TASK PROMPT »
When you reach the line containing "1girlarm supportbare shouldersbarefootberetbreastsbrown" in the data below, begin returning lines exactly as written, and stop once the line containing "These thin black" has been returned.

MATERIAL PROVIDED »
┄┄┄┄┄┄┄┄┄┄

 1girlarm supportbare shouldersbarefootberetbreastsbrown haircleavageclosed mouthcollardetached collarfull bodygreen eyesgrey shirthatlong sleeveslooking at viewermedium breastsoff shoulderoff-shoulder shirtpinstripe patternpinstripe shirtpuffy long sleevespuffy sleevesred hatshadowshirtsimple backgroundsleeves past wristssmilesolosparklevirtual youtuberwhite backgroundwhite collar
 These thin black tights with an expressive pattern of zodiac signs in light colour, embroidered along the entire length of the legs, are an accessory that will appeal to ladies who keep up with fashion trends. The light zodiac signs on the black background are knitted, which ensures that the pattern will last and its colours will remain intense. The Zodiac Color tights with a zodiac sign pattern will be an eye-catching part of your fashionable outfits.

┄┄┄┄┄┄┄┄┄┄

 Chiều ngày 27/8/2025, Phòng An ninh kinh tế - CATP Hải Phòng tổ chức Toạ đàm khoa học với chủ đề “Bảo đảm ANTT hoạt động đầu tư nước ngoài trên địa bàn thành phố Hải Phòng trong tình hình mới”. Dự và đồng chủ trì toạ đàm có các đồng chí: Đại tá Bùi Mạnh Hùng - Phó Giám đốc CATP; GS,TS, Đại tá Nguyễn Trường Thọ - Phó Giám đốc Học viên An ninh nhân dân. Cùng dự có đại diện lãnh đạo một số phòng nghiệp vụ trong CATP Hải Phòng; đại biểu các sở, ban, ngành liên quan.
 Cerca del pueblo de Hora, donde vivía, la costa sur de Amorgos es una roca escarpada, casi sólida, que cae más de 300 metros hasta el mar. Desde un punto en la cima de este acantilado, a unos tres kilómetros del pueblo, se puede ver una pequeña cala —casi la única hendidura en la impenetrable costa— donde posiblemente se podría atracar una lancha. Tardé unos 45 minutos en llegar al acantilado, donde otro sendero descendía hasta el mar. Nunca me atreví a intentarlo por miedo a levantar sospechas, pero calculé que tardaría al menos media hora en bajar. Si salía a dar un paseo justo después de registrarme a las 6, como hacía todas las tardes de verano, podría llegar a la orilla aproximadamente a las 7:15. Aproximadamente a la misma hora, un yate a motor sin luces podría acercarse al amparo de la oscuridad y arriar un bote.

┄┄┄┄┄┄┄┄┄┄

EXPECTED OUTPUT »
 1girlarm supportbare shouldersbarefootberetbreastsbrown haircleavageclosed mouthcollardetached collarfull bodygreen eyesgrey shirthatlong sleeveslooking at viewermedium breastsoff shoulderoff-shoulder shirtpinstripe patternpinstripe shirtpuffy long sleevespuffy sleevesred hatshadowshirtsimple backgroundsleeves past wristssmilesolosparklevirtual youtuberwhite backgroundwhite collar
 These thin black tights with an expressive pattern of zodiac signs in light colour, embroidered along the entire length of the legs, are an accessory that will appeal to ladies who keep up with fashion trends. The light zodiac signs on the black background are knitted, which ensures that the pattern will last and its colours will remain intense. The Zodiac Color tights with a zodiac sign pattern will be an eye-catching part of your fashionable outfits.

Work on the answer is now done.